Wednesday, February 21, 2007

Chapter 6

This chapter tells readers the human body and how it works. This book regards human as the first wonder of the universe. Even the most sophisticated man-made machines are primitive compared to the human body.

The human body is built of structural units called cells. Similar cells are organized into tissues for efficient performance of their job. Groups of different tissues cooperate in organs that perform the major work of the body. The body has a number of automatic mechanisms that maintain a constantly favorable internal environment. The digestive system prepares food for the use of the body. It is composed essentially of a long tube together with digestive glands that secrete chemicals that act on food in the tube. Some of the members belonging to digestive system are mouth, salivary glands, gullet, stomach, small intestine, and large intestine. The respiratory system supplies oxygen and gets rid of carbon dioxide. When people inhale air, air passes through nostril and finally arrives air sacs. The air sacs have very thin walls richly supplied with capillaries.
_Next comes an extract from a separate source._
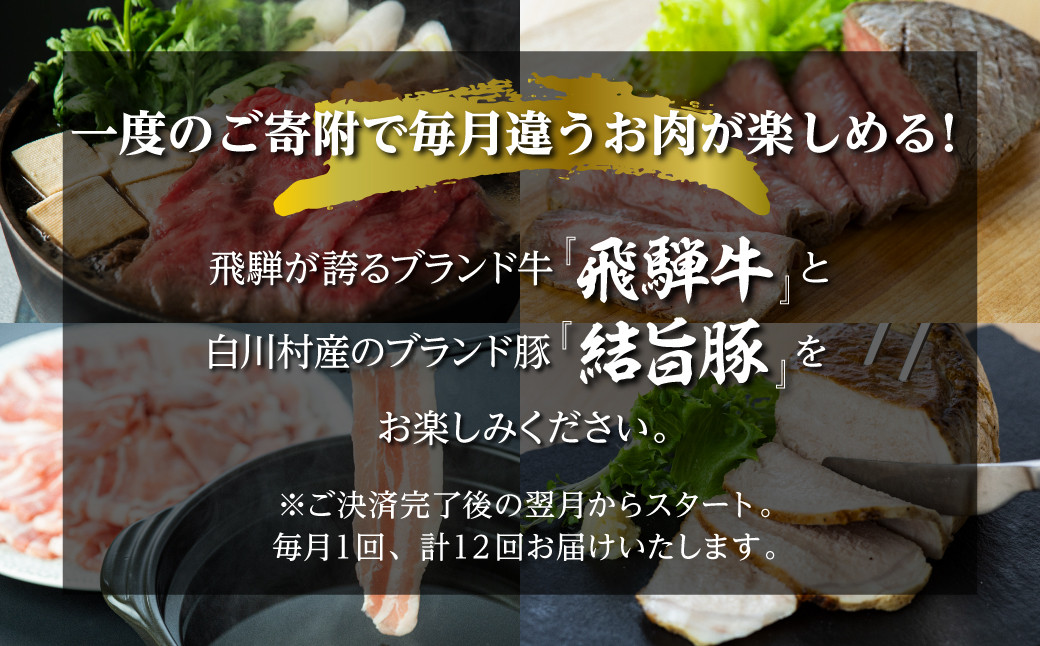白川郷 まるごと定期便 全12回 お届け 飛騨牛&結旨豚 肉づくし …

The oxygen passes through the thin walls of the air sacs and capillaries into the bloodstream and eventually is carried to every cell in the body. In the circulatory system, blood moves around body in a closed circuit of arteries, veins and capillaries, with the heart serving as a pump. Skin, kidneys, and the lungs play important roles in the excretory system. They rid body of both liquid and gaseous wastes. The headquarters of the nervous system is brain. The spinal cord connects directly with brain and transmits nerve purses to motor nerve cells; thus, make muscles react.

How the human body works is interesting and mysterious. Anthropologists have unraveled some of the mysteries such as the development from the fertilized eggs to the embryos to the babies; however, there is still a long way to go to understand every exact mechanism of the human body.